Wishing you lots of luck    and  
Keep in touch
Lou


----------



## 69chick (Feb 15, 2005)

OK, well not knowing where you have tx, I'd say they are not very experienced in people with your 'problems'.


Which clinic are you at, and why did you have to pay for a blood test? (Do you already have children?)


If your DH has normal results, thats one hurdle out of the way, and another that your tubes are latent.


There is a thread on the poor responder thread - many of those girls have lower AMH than yours.


I'm guessing that your clinic could be NHS? (They have to work to 'rules and guidelines').


You must NOT give up yet - way way too early in the scheme of things x


Keep in touch.


chick x


----------



## Jumanji (Feb 13, 2008)

I have now idea how on earth your gynae can be so dogmatic. There are absolutely NO STUDIES out there which give any data on AMH levels and chances of natural pregnancy per month. In fact, there are very few studies on AMH in the general population at all. Try asking him for the studies upon which his chances per cycle are based!!

Below is my standard post on AMH; as you can see, there is some disagreement and according to some scales you are entirely normal. Furthermore, remember that if you are over 35 AMH levels fall naturally anyway without meaning there is little hope! One thing I would add to the below is that I am reading more and more about ladies whose AMH has fluctuated. This belies what we are told about its stability - we need to remember that FSH, at first, was described as having minimal flcutuation!

As others have said, it doesn't sound as though you have seen the most experienced people. I would try a different clinic.

AMH reamins a fairly new test and there is still a LOT of confusion about AMH and what is "normal" and, to be honest, I don't think even the best in the medical profession have enough data yet to know what it all means. Hence I really do not think anyone should panic over the results of one test. However, a lot of less experienced doctors now place a lot of reliance on this test and will be very "doom and gloom" if yours is anything less than perfect.

The first thing anyone should find out is what scale their AMH result is on.
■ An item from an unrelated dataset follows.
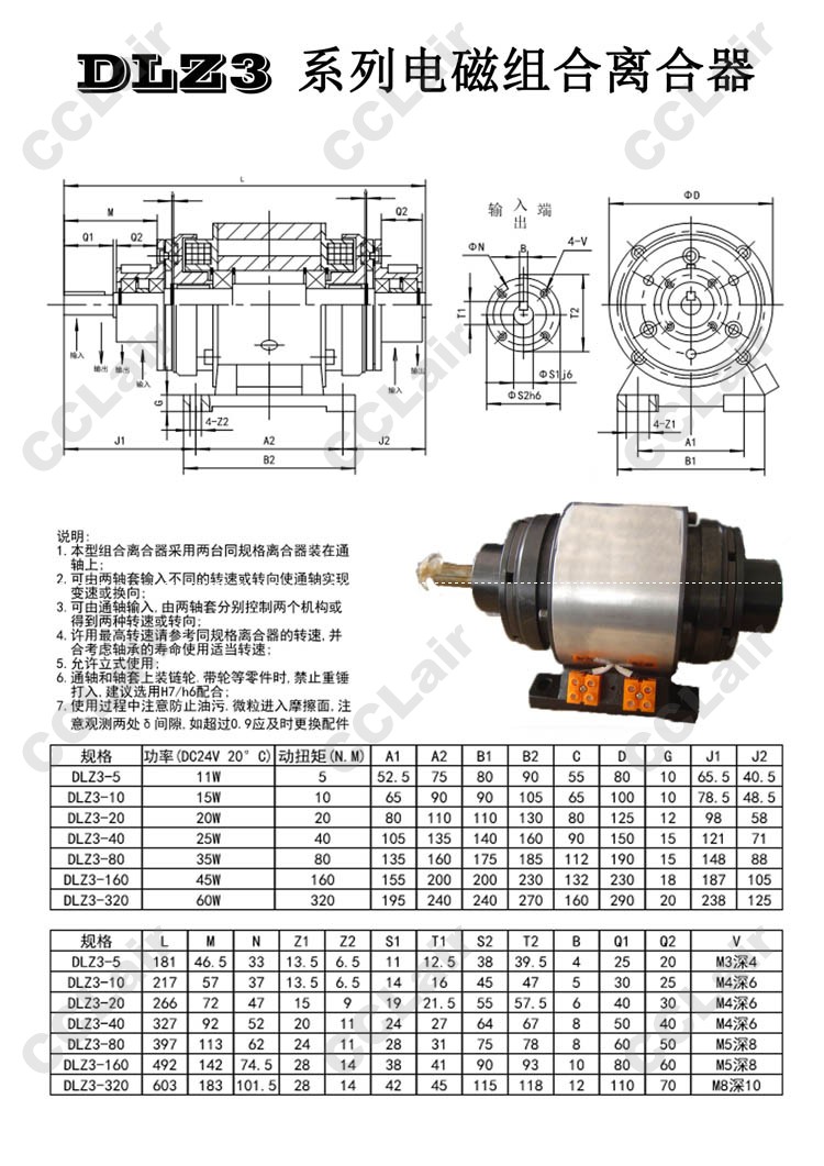 DLZ3-5,DLZ3-10,DLZ3-20,DLZ3-40,DLZ3-80,DLZ3-160,DLZ3-320,電磁組合離合器

The pmol scale has higher numbers than the ng/ml scale and the conversion factor is 7.14. Hence, if your result is 1 ng/ml that is 7.14 on the pmol/ml scale. The pmol/l scale is more commonly used in the UK and Australia but elsewhere, notably the US, the ng/ml scale is the one used.
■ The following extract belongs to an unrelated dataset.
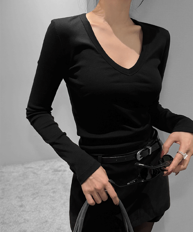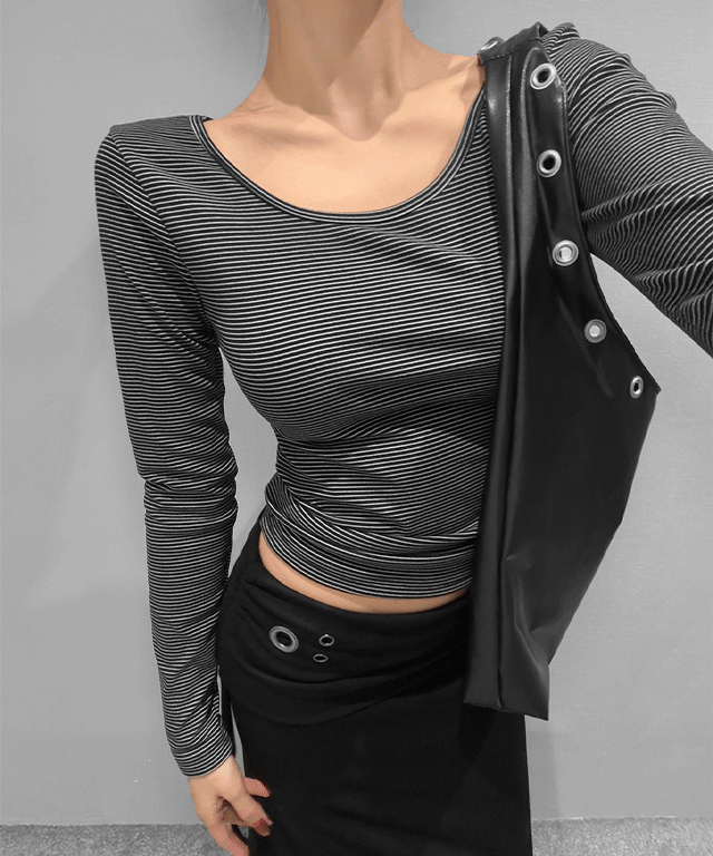 ストレッチラウンドネック長袖バックルストラップTシャツ

The assay kit link (next but one link below) is the source of the "original" AMH ranges which everyone jumped on as representing the "norms". They are 2-6.8 on the ng/ml scale and 14.28 - 48.55 on the pmol/l. This is the scale which had people with AMH of say 1 (or 7.14) being told they had "low ovarian reserve". It was also the source of the statement that "optimal fertility" is about 28-48.55 pmol/l (3.92-6.8 ng/ml), while "satisfactory" fertility is 15.7-28 pmol/l (2.2-3.92) - see this link for details of this scale - http://www.tdlpathology.com/index.php?option=com_content&task=view&id=201&Itemid=73. This sample also gave a mean AMH of 4.

However, take a look at the next link which details the sample they got this from. First, the size is small (335) and ALL the women are under 38 so chances are we know they probably mostly in their 20s! (I remember reading elsewhere that a lot were college students and thus 18-23 or so but I can't find the link now!). To be fair on the assay manufacturers, they clearly never intended their results to be taken as "norms". They do point out that AMH decreases with age and that suggest labs should find their own ranges. The trouble is many have not done that and simply trot out this reference range, with no idea where it comes from.

http://www.mbl.co.jp/diagnostic/products/amh/AMH_nousho.pdf

Other research has found that in women of 37 the average AMH was 10 pmol/l (1.4ng/ml). This has 238 subjects but I don't know the numbers in age ranges. Anyway, it did find that AMH remained at about 20-25 pmol/l from age 18-29 (so satisfactory but not optimal according to the first link above!!) and then started to drop. Again, this is beginning to show lower AMH is still ok, especially for those over 30 and that even in those in their 20s, the average still looks lower than first thought. See the next link.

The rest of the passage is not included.